▸ **Task prompt**:
Locate the line bearing "내부에는 불투명으로 외부에는 투명으로 시공했습니다." in the material below, then reproduce it and each following line up to and including the line bearing "半高腰 基本 柔丝 亚麻材质 针织衫".

▸ **Supplied records**:
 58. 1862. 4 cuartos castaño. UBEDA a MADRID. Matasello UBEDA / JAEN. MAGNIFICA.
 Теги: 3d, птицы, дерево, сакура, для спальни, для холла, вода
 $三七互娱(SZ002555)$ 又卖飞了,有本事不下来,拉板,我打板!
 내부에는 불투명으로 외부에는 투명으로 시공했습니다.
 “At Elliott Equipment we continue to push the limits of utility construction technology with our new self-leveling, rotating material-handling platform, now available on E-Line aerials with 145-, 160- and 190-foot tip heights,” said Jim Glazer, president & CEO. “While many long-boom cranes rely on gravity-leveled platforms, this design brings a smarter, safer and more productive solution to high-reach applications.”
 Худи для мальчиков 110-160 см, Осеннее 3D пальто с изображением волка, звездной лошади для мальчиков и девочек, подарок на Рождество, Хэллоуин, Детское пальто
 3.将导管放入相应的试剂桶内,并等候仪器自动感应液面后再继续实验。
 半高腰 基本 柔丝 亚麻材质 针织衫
--
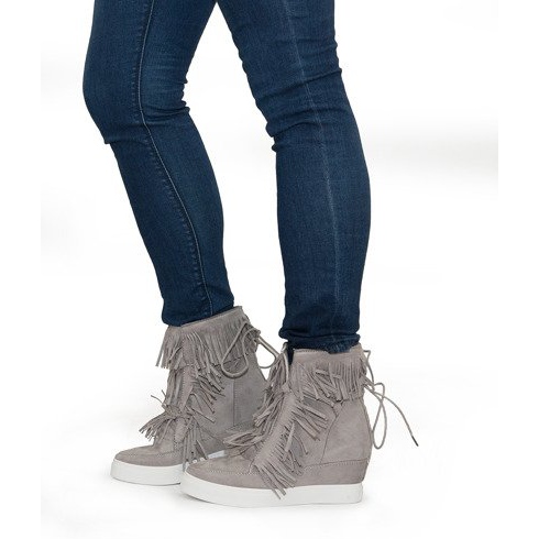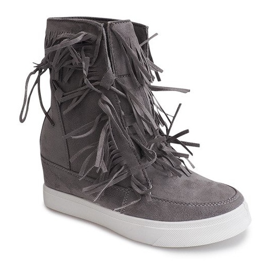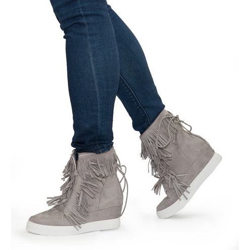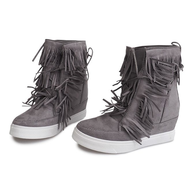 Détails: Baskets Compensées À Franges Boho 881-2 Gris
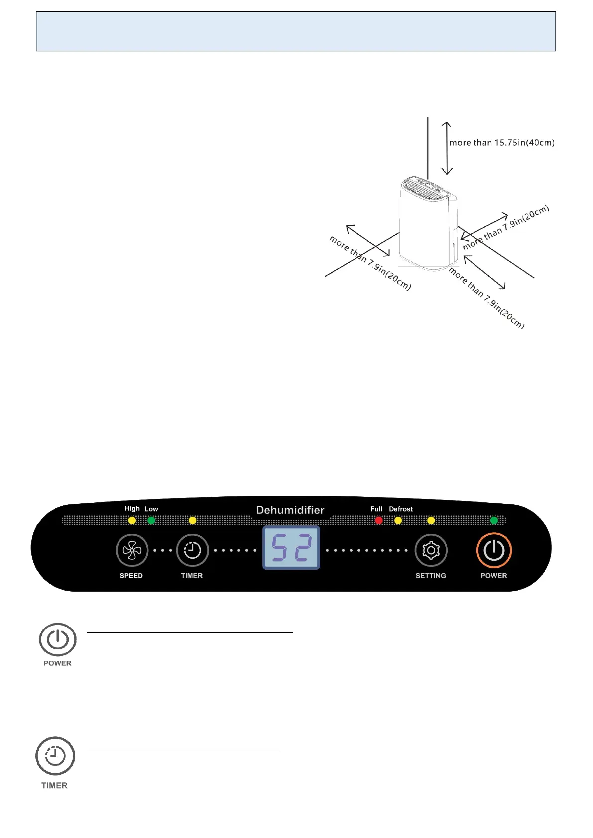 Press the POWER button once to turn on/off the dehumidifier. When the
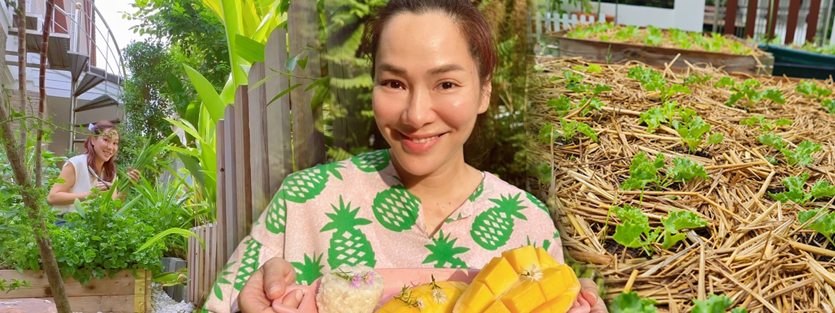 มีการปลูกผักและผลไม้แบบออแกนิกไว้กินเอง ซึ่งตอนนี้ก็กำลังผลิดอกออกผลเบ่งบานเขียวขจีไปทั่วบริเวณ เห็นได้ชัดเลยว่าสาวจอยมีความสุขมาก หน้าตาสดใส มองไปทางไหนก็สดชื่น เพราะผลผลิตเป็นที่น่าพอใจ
---
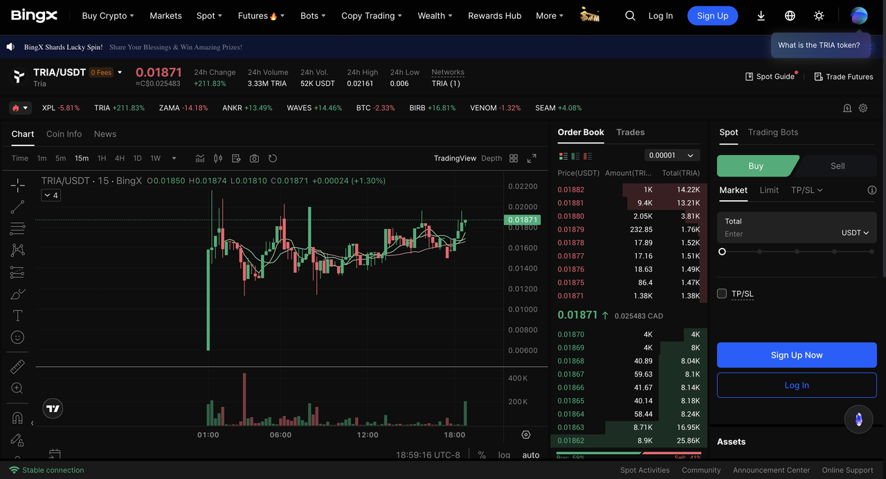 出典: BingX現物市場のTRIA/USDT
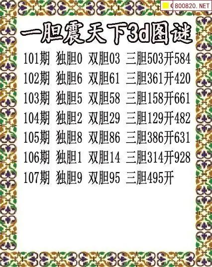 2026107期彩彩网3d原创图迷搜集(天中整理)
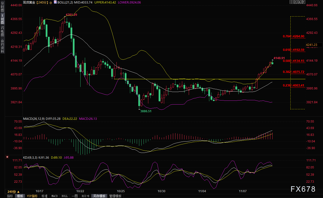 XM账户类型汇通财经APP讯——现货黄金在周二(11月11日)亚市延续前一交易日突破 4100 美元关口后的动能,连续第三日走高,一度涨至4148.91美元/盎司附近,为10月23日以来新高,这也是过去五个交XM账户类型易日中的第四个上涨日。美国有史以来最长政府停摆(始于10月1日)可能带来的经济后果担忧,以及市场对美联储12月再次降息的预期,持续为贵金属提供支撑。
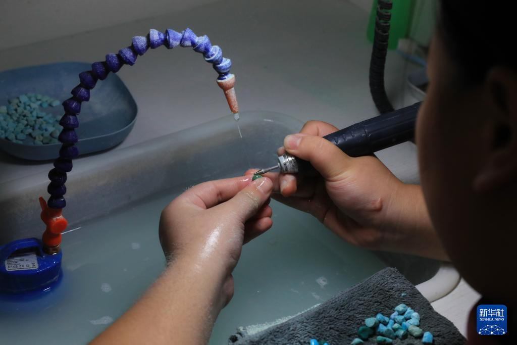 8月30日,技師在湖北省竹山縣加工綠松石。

▸ **Exercise solution**:
 내부에는 불투명으로 외부에는 투명으로 시공했습니다.
 “At Elliott Equipment we continue to push the limits of utility construction technology with our new self-leveling, rotating material-handling platform, now available on E-Line aerials with 145-, 160- and 190-foot tip heights,” said Jim Glazer, president & CEO. “While many long-boom cranes rely on gravity-leveled platforms, this design brings a smarter, safer and more productive solution to high-reach applications.”
 Худи для мальчиков 110-160 см, Осеннее 3D пальто с изображением волка, звездной лошади для мальчиков и девочек, подарок на Рождество, Хэллоуин, Детское пальто
 3.将导管放入相应的试剂桶内,并等候仪器自动感应液面后再继续实验。
 半高腰 基本 柔丝 亚麻材质 针织衫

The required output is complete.